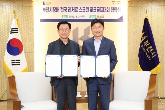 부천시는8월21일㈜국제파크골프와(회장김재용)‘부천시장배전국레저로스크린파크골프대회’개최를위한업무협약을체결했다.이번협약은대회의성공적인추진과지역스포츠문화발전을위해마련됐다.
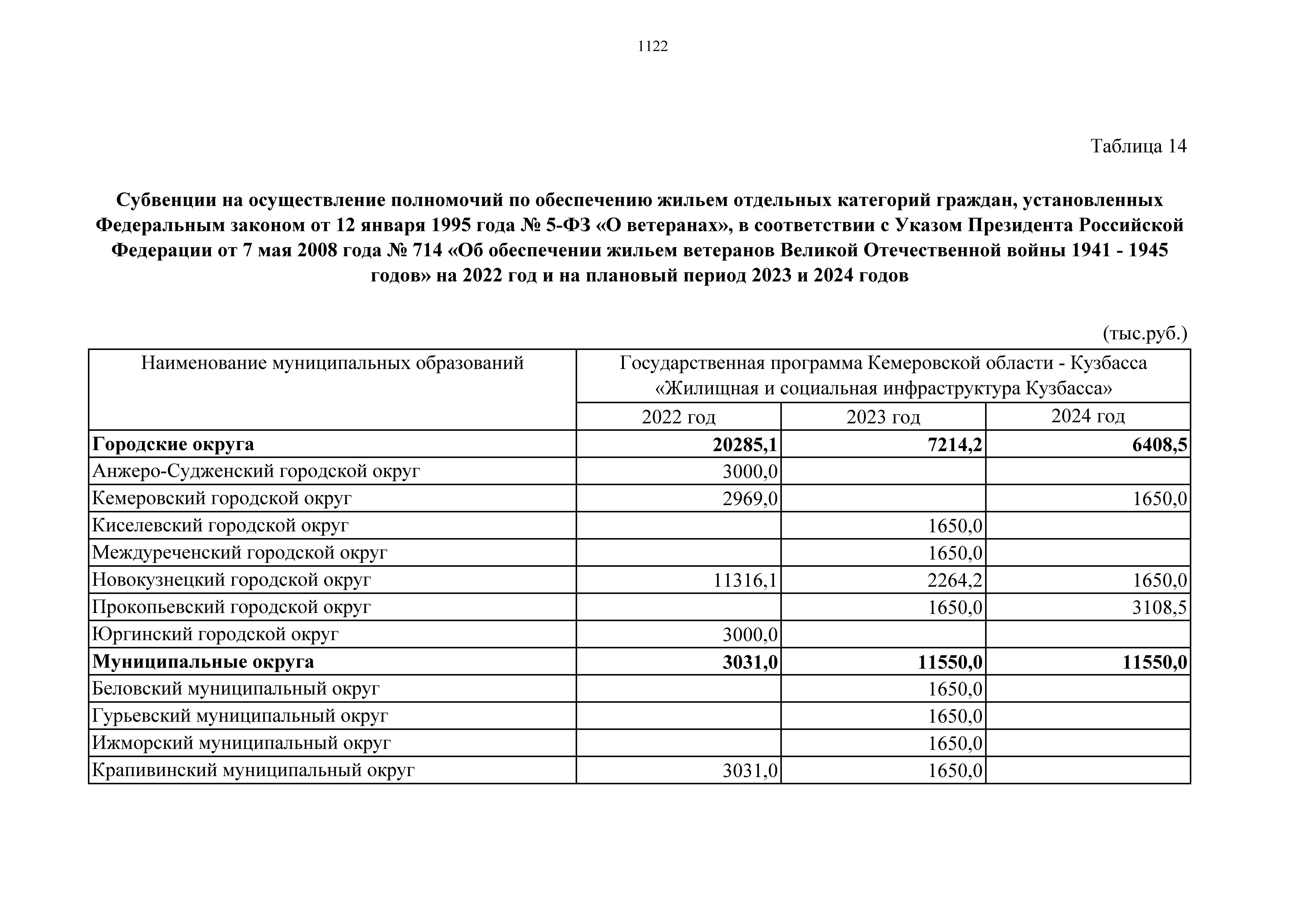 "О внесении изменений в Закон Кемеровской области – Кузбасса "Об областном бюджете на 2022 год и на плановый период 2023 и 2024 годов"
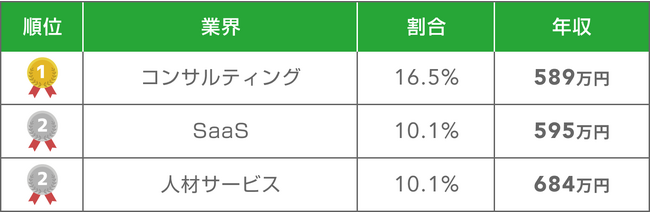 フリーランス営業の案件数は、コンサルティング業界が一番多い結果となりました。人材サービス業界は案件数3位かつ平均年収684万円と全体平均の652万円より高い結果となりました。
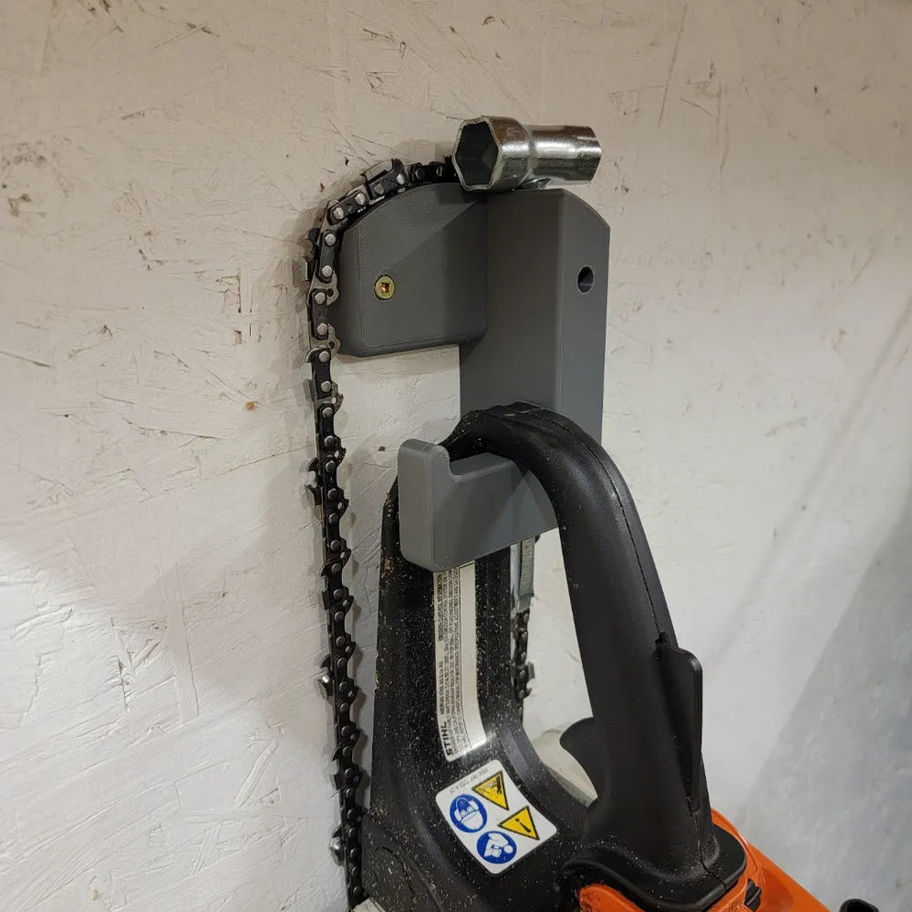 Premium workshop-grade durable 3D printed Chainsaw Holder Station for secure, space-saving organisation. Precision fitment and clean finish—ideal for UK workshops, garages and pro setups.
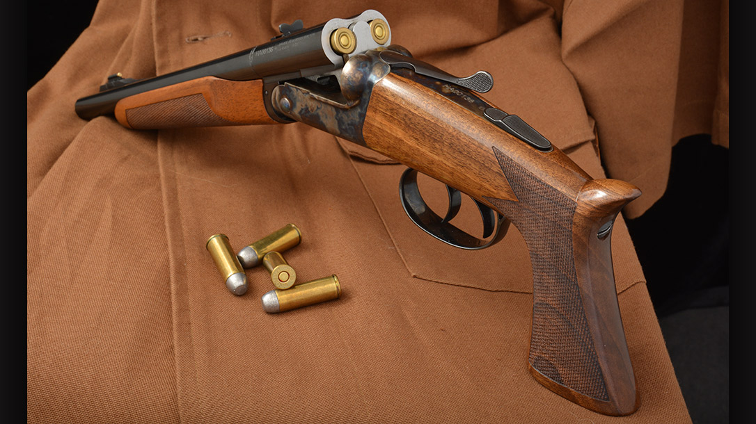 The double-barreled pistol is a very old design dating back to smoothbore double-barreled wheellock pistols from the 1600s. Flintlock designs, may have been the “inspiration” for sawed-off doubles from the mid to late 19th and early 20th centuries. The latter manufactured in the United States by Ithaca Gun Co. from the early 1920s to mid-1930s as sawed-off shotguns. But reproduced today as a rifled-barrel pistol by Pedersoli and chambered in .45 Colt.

**********

— WORK REQUEST —
Would you please transcribe the listing in full, exactly, while omitting the images?

— RESULT —
 부천시는8월21일㈜국제파크골프와(회장김재용)‘부천시장배전국레저로스크린파크골프대회’개최를위한업무협약을체결했다.이번협약은대회의성공적인추진과지역스포츠문화발전을위해마련됐다.
 "О внесении изменений в Закон Кемеровской области – Кузбасса "Об областном бюджете на 2022 год и на плановый период 2023 и 2024 годов"
 フリーランス営業の案件数は、コンサルティング業界が一番多い結果となりました。人材サービス業界は案件数3位かつ平均年収684万円と全体平均の652万円より高い結果となりました。
 Premium workshop-grade durable 3D printed Chainsaw Holder Station for secure, space-saving organisation. Precision fitment and clean finish—ideal for UK workshops, garages and pro setups.
 The double-barreled pistol is a very old design dating back to smoothbore double-barreled wheellock pistols from the 1600s. Flintlock designs, may have been the “inspiration” for sawed-off doubles from the mid to late 19th and early 20th centuries. The latter manufactured in the United States by Ithaca Gun Co. from the early 1920s to mid-1930s as sawed-off shotguns. But reproduced today as a rifled-barrel pistol by Pedersoli and chambered in .45 Colt.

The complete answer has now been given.